** Opening Data for this task block **
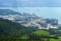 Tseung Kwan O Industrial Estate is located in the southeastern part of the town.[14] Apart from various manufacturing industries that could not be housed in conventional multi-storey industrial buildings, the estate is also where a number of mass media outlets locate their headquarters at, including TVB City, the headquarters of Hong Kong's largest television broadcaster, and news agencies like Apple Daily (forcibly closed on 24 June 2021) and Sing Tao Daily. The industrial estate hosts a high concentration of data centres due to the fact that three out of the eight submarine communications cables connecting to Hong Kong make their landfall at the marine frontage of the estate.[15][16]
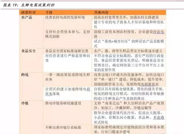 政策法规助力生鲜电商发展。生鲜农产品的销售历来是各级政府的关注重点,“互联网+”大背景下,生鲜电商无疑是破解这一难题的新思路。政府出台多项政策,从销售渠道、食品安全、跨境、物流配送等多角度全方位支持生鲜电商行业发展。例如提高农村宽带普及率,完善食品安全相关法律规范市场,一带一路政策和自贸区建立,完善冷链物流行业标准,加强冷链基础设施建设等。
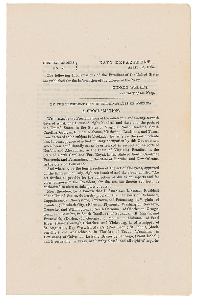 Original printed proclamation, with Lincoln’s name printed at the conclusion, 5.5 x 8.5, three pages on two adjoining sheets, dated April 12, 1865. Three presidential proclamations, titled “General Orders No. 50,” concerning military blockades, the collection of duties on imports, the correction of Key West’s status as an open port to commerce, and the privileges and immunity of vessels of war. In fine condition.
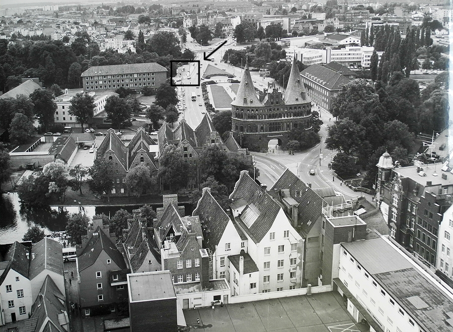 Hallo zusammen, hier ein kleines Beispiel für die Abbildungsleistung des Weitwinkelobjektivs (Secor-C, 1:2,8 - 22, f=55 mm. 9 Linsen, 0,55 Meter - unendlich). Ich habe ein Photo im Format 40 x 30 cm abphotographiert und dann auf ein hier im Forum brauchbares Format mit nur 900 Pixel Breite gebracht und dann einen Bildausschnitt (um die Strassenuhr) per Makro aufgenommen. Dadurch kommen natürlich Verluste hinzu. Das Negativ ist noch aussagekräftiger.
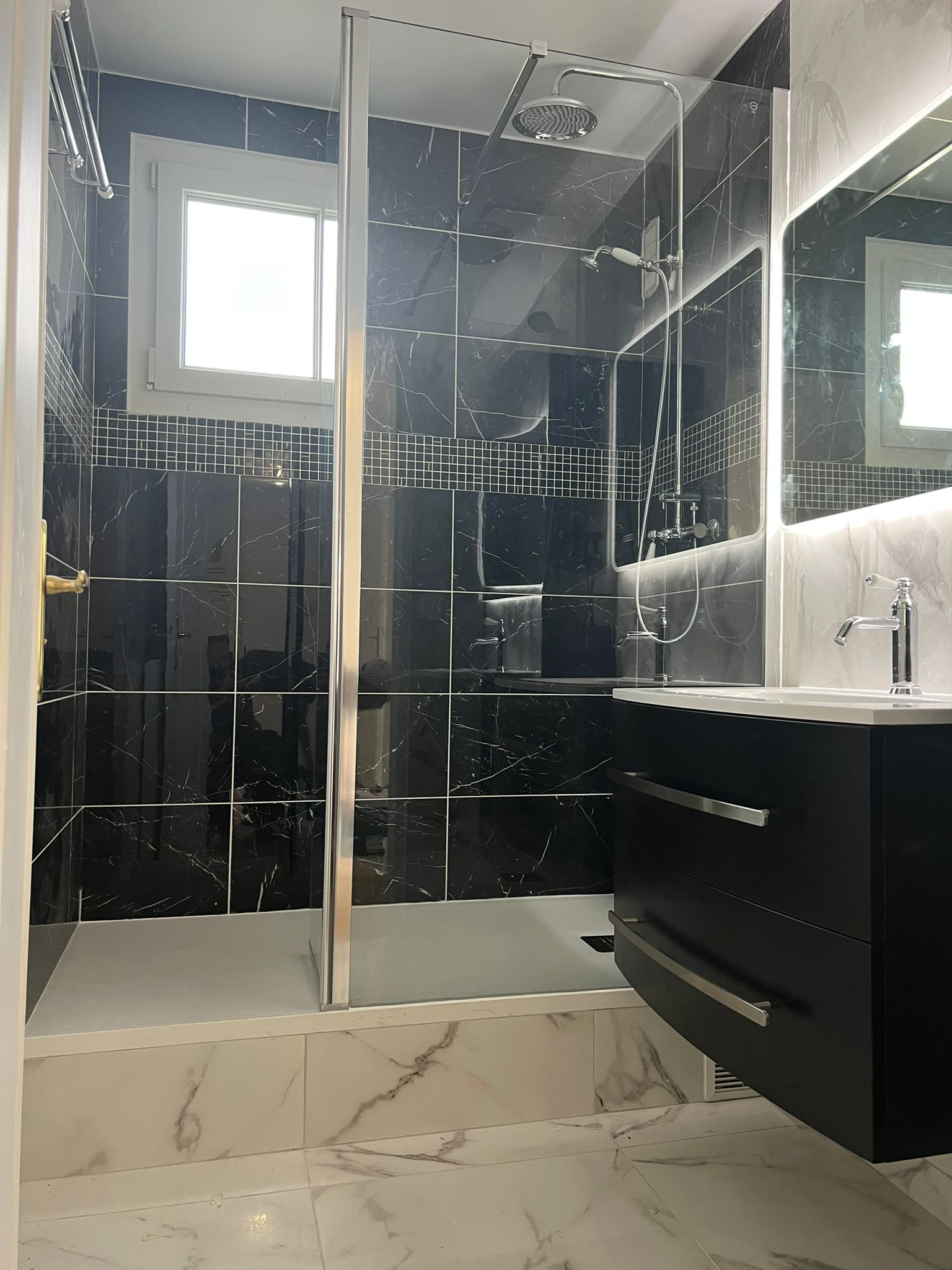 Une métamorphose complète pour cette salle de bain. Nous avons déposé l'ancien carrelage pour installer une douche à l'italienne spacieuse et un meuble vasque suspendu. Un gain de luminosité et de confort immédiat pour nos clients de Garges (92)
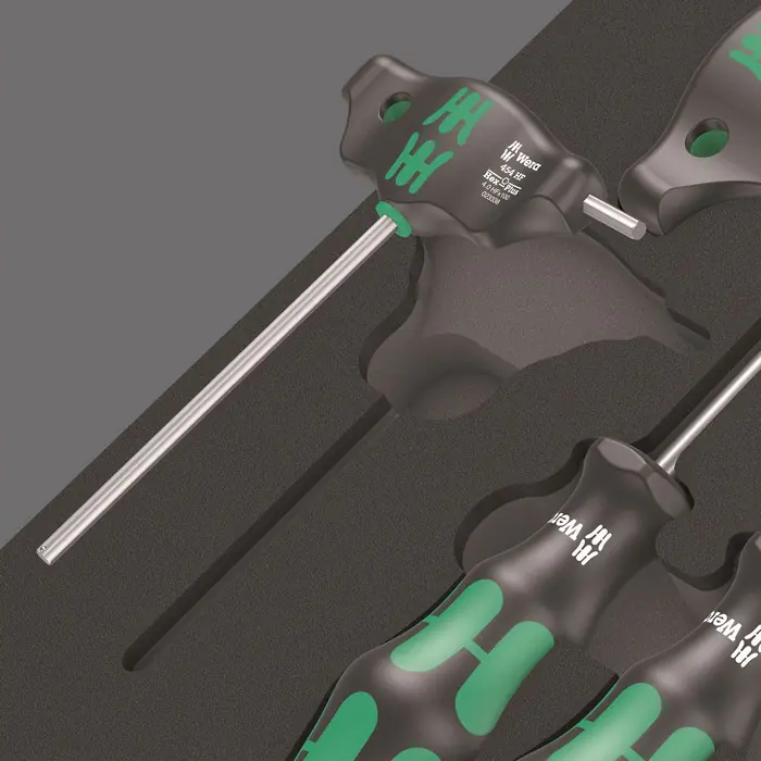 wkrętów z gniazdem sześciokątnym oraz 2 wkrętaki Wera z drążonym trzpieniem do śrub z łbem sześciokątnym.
** Closing Data for this task block **
- [Problem statement]: Without the pictures, give the entries above back exactly.

- [Problem solution]:
 Tseung Kwan O Industrial Estate is located in the southeastern part of the town.[14] Apart from various manufacturing industries that could not be housed in conventional multi-storey industrial buildings, the estate is also where a number of mass media outlets locate their headquarters at, including TVB City, the headquarters of Hong Kong's largest television broadcaster, and news agencies like Apple Daily (forcibly closed on 24 June 2021) and Sing Tao Daily. The industrial estate hosts a high concentration of data centres due to the fact that three out of the eight submarine communications cables connecting to Hong Kong make their landfall at the marine frontage of the estate.[15][16]
 政策法规助力生鲜电商发展。生鲜农产品的销售历来是各级政府的关注重点,“互联网+”大背景下,生鲜电商无疑是破解这一难题的新思路。政府出台多项政策,从销售渠道、食品安全、跨境、物流配送等多角度全方位支持生鲜电商行业发展。例如提高农村宽带普及率,完善食品安全相关法律规范市场,一带一路政策和自贸区建立,完善冷链物流行业标准,加强冷链基础设施建设等。
 Original printed proclamation, with Lincoln’s name printed at the conclusion, 5.5 x 8.5, three pages on two adjoining sheets, dated April 12, 1865. Three presidential proclamations, titled “General Orders No. 50,” concerning military blockades, the collection of duties on imports, the correction of Key West’s status as an open port to commerce, and the privileges and immunity of vessels of war. In fine condition.
 Hallo zusammen, hier ein kleines Beispiel für die Abbildungsleistung des Weitwinkelobjektivs (Secor-C, 1:2,8 - 22, f=55 mm. 9 Linsen, 0,55 Meter - unendlich). Ich habe ein Photo im Format 40 x 30 cm abphotographiert und dann auf ein hier im Forum brauchbares Format mit nur 900 Pixel Breite gebracht und dann einen Bildausschnitt (um die Strassenuhr) per Makro aufgenommen. Dadurch kommen natürlich Verluste hinzu. Das Negativ ist noch aussagekräftiger.
 Une métamorphose complète pour cette salle de bain. Nous avons déposé l'ancien carrelage pour installer une douche à l'italienne spacieuse et un meuble vasque suspendu. Un gain de luminosité et de confort immédiat pour nos clients de Garges (92)
 wkrętów z gniazdem sześciokątnym oraz 2 wkrętaki Wera z drążonym trzpieniem do śrub z łbem sześciokątnym.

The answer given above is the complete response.